• [What you should do] The reply should contain every entry below exactly as written, with no images.

• [Supplied records]
--- START ---
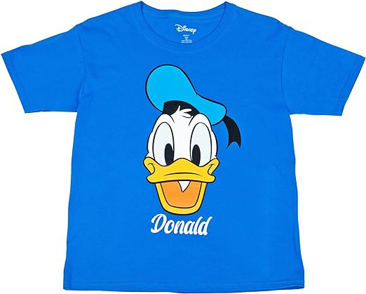 Officially licensed Disney Donald Duck Character Face Signature Blue Youth T-Shirt.
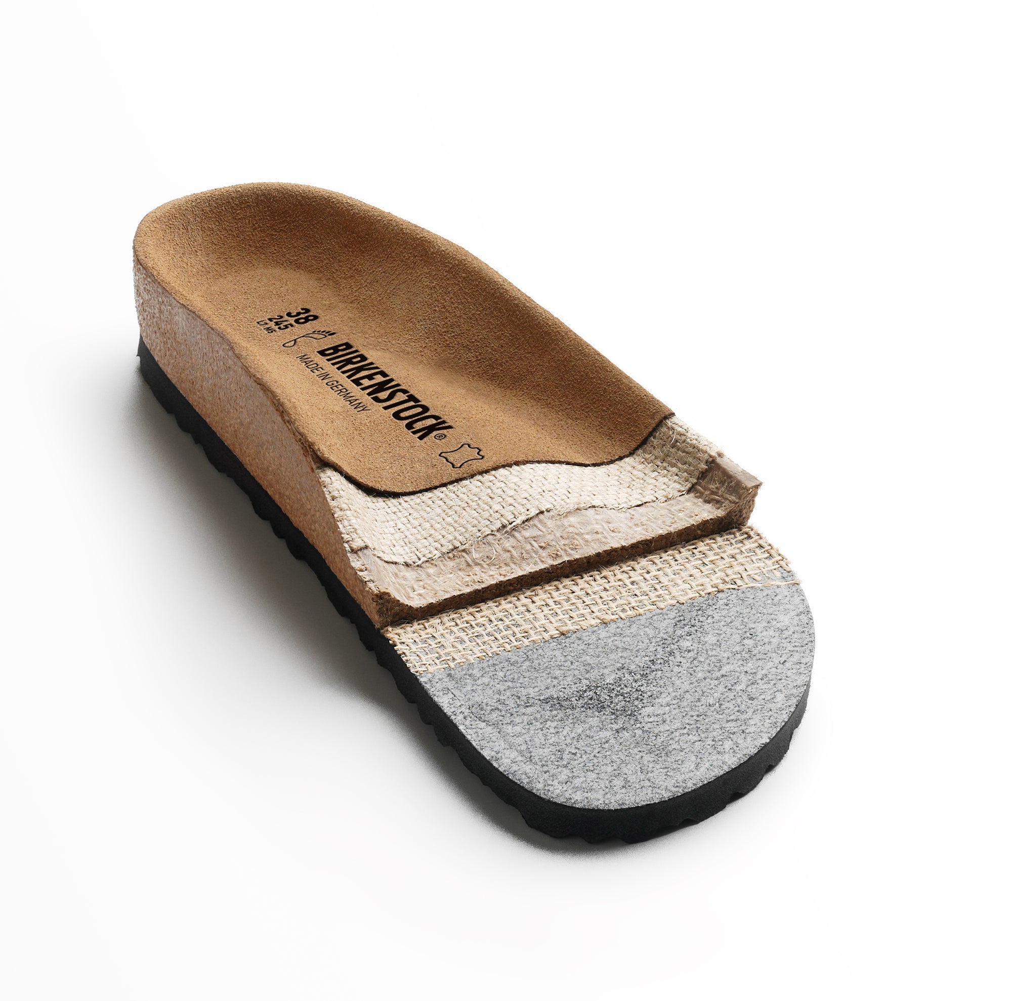 Les semelles Birkenstock sont faites à partir de liège et de latex naturel préformées à la forme d'un pied en bonne santé. Ces courbes assurent la distribution de votre poids: les arches surélevées aider à soutenir la forme et la structure naturelle du pied. La barre au niveau des orteils permet a ceux-ci de s’agripper, de stimuler la circulation, de faire travailler les muscles de la jambe tout en contribuant à maintenir votre équilibre. La configuration profonde au talon assure le maintient des coussinets naturels du pied sous votre talon pour assurer sa stabilité. En conséquence, les bons os sont impliqués pour supporter le poids du corps tout en gardant la colonne vertébrale et les jambes dans un bon alignement.
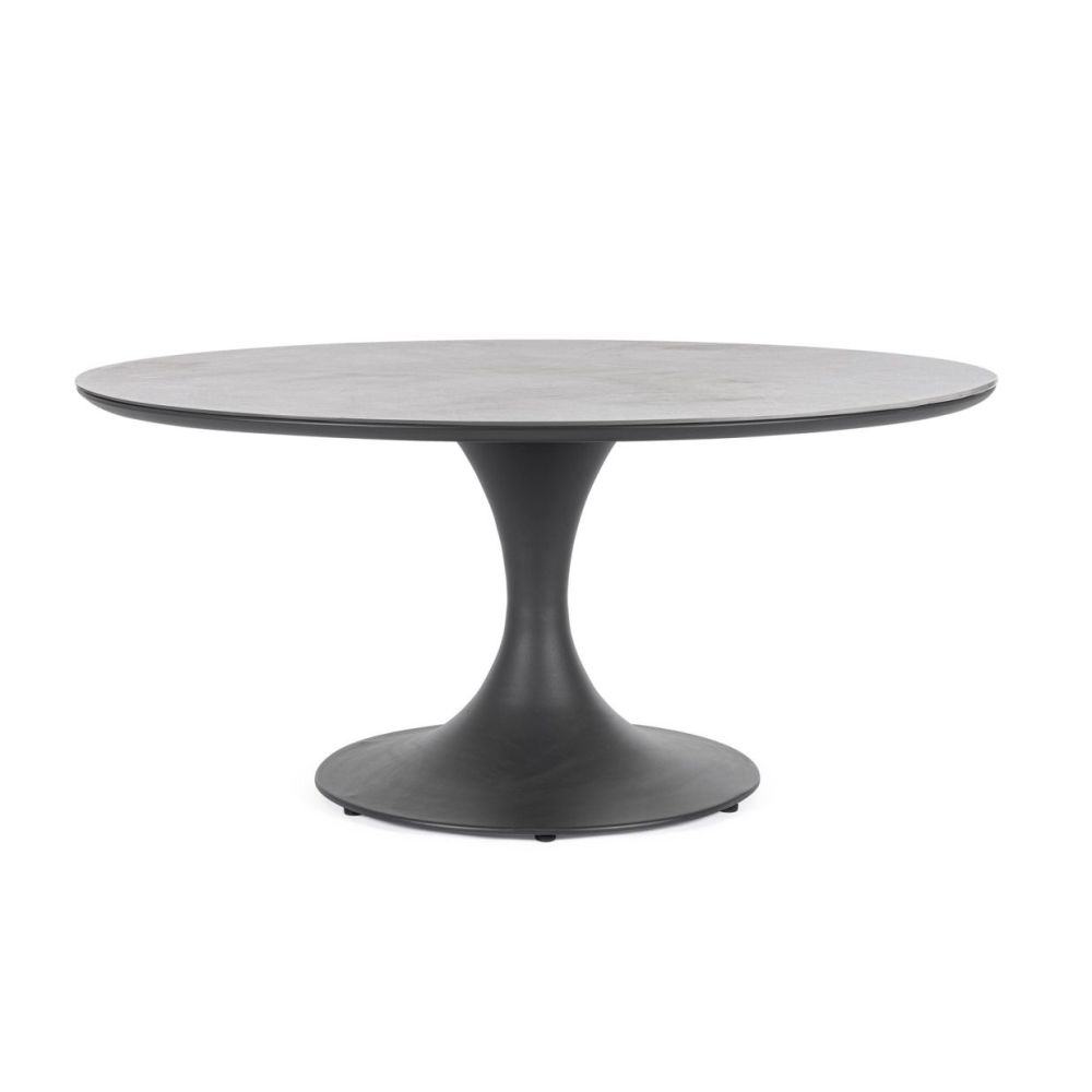 STRUCTURE IN POWDER-COATED ALUMINIUM (POLYESTER). TOP IN SINTERED STONE (NATURAL STONE WORKED AT HIGH TEMPERATURES)(THICKNESS 11MM). STAINLESS STEEL SCREWS. ADJUSTABLE FEET. BASE WITH STEEL BALLAST TO BE ASSEMBLED.
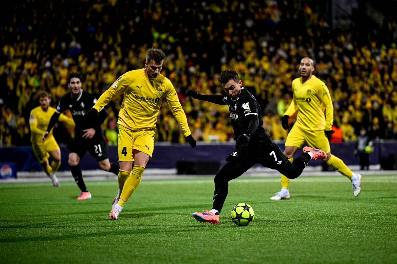 ทีมชาวนอร์เวย์ที่แข็งแกร่งอย่าง Bodø/Glimt แสดงผลงานในบ้านได้อย่างยอดเยี่ยม แสดงให้เห็นถึงความกล้าหาญและความมุ่งมั่นตลอดการแข่งขัน การส่งบอลและการเคลื่อนไหวที่เป็นระบบของพวกเขาจบลงด้วยลูกเตะมุมที่เปิดเกมรับของฝ่ายตรงข้ามได้สำเร็จ โดย Blomberg เป็นผู้ทำประตูแรกให้กับเจ้าบ้าน ยูเวนตุสซึ่งเห็นได้ชัดว่ากำลังประสบปัญหาในการปรับตัวกับสภาพแวดล้อม ใช้เวลานานกว่าปกติในการหาจังหวะการเล่นที่เหมาะสม การหมุนเวียนผู้เล่นในทีมทำให้พวกเขาดูไม่ประสานกันและไม่สามารถสร้างโอกาสที่มีนัยสำคัญได้เป็นเวลานาน
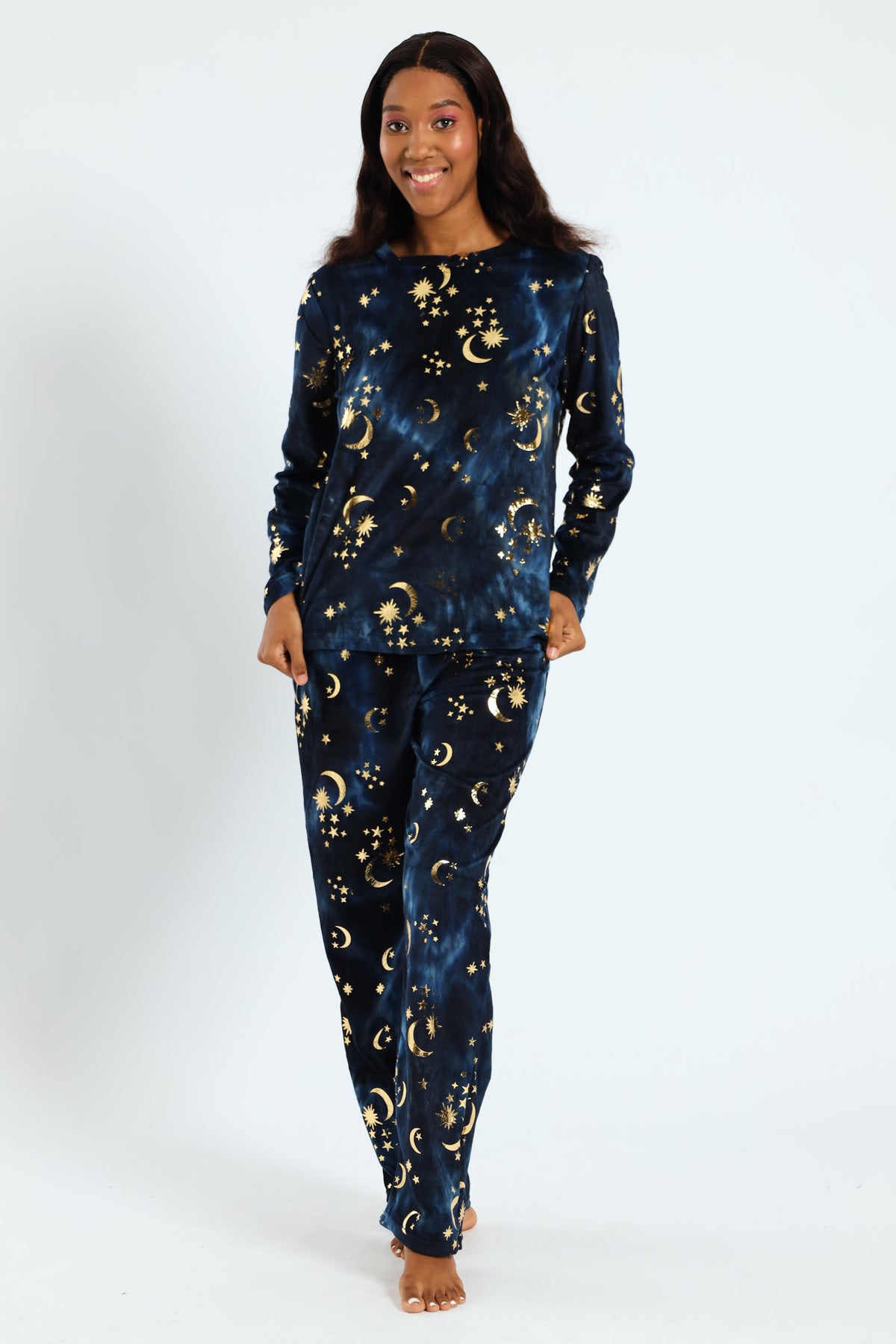Long Sleeve Night Sky Velour Top & Pants Set - Navy
--- END ---
• [Output for this task]
 Officially licensed Disney Donald Duck Character Face Signature Blue Youth T-Shirt.
 Les semelles Birkenstock sont faites à partir de liège et de latex naturel préformées à la forme d'un pied en bonne santé. Ces courbes assurent la distribution de votre poids: les arches surélevées aider à soutenir la forme et la structure naturelle du pied. La barre au niveau des orteils permet a ceux-ci de s’agripper, de stimuler la circulation, de faire travailler les muscles de la jambe tout en contribuant à maintenir votre équilibre. La configuration profonde au talon assure le maintient des coussinets naturels du pied sous votre talon pour assurer sa stabilité. En conséquence, les bons os sont impliqués pour supporter le poids du corps tout en gardant la colonne vertébrale et les jambes dans un bon alignement.
 STRUCTURE IN POWDER-COATED ALUMINIUM (POLYESTER). TOP IN SINTERED STONE (NATURAL STONE WORKED AT HIGH TEMPERATURES)(THICKNESS 11MM). STAINLESS STEEL SCREWS. ADJUSTABLE FEET. BASE WITH STEEL BALLAST TO BE ASSEMBLED.
 ทีมชาวนอร์เวย์ที่แข็งแกร่งอย่าง Bodø/Glimt แสดงผลงานในบ้านได้อย่างยอดเยี่ยม แสดงให้เห็นถึงความกล้าหาญและความมุ่งมั่นตลอดการแข่งขัน การส่งบอลและการเคลื่อนไหวที่เป็นระบบของพวกเขาจบลงด้วยลูกเตะมุมที่เปิดเกมรับของฝ่ายตรงข้ามได้สำเร็จ โดย Blomberg เป็นผู้ทำประตูแรกให้กับเจ้าบ้าน ยูเวนตุสซึ่งเห็นได้ชัดว่ากำลังประสบปัญหาในการปรับตัวกับสภาพแวดล้อม ใช้เวลานานกว่าปกติในการหาจังหวะการเล่นที่เหมาะสม การหมุนเวียนผู้เล่นในทีมทำให้พวกเขาดูไม่ประสานกันและไม่สามารถสร้างโอกาสที่มีนัยสำคัญได้เป็นเวลานาน
Long Sleeve Night Sky Velour Top & Pants Set - Navy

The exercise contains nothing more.